10.3.1 Case 1: “Diffuse” Priors and Belief Convergence
A “diffuse” prior can be reflected by a uniform distribution of beliefs in the the physician has no strong prior as to the effectiveness (or ineffectiveness) of treatment. We can reflect this formally with \(Beta(\alpha_{0}=1, \beta_{0}=1)\). Following the steps from the prior section, we know that the updated posterior distribution will also follow a Beta distribution with shape parameters \(\alpha_{1} = \alpha_{0} + 70 = 71\) and \(\beta_{1} = \beta_{0} + 100 - 70 = 31\).
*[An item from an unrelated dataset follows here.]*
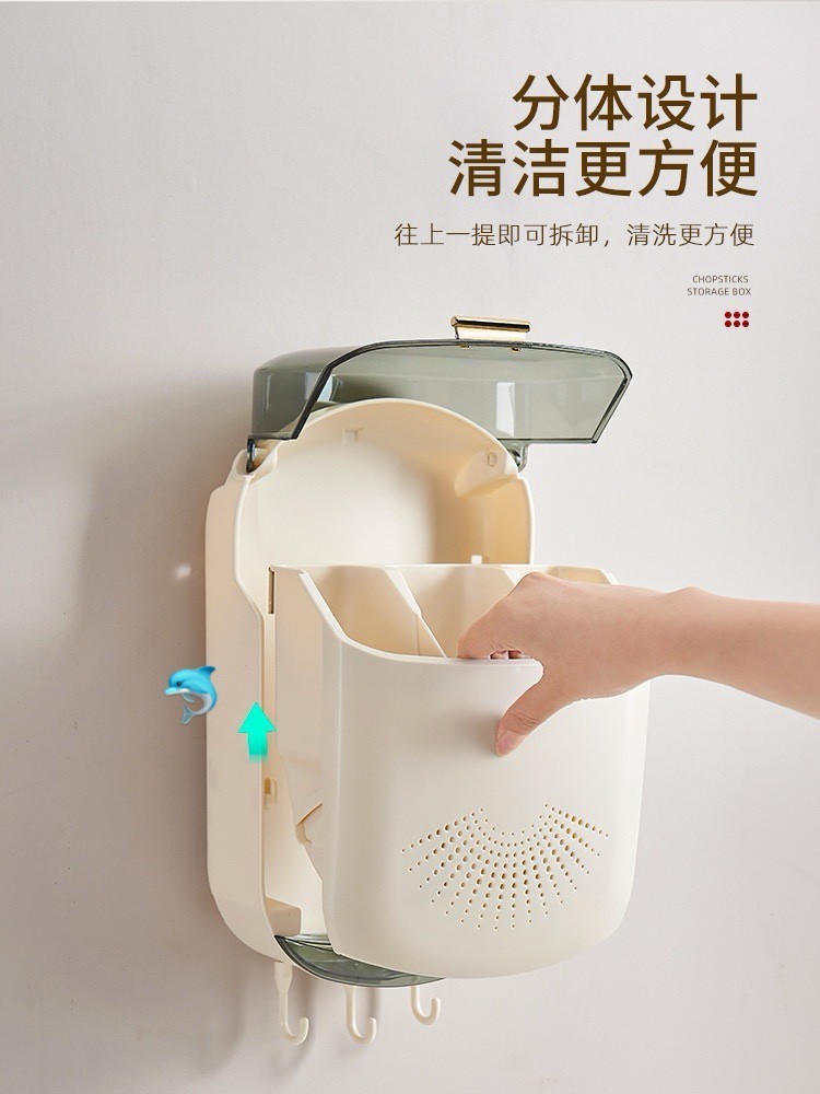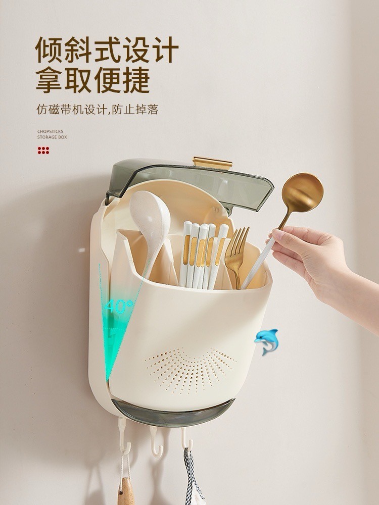 多功能壁挂带盖筷子笼可沥水的筷子筒

The posterior mean is then \(\mu = \frac{\alpha_{1}}{\alpha_{1}+\beta_{1}} = \frac{71}{71+31} \approx 0.6969\). So the physician’s updated belief of the effectiveness of treatment almost exactly matches the observed effectiveness rate of 70%.
10.3.2 Case 2: The Impact of “Strong” Priors
In contrast, consider a case in which the physician has very strong negative priors (e.g., they firmly believe that this new treatment is ineffective). We can capture this formally with \(Beta(\alpha_{0}=1, \beta_{0}=20)\). The posterior mean, again based on 70 successes out of 100 cases, is \(\mu = \frac{\alpha_{1}}{\alpha_{1}+\beta_{1}} = \frac{71}{71+50} \approx 0.5861\). In this case, even though the physician had access to the same observational data, they place significantly less weight on those data and therefore remain more skeptical of the effectiveness of the treatment.
10.4 Discussion
The point of all of this is to highlight how different physicians may more quickly or more slowly adopt certain technologies or new treatment options. As such, learning is a source of heterogeneities in healthcare utilization, with different patients being exposed to different preferences, priors, and learning histories of different physicians.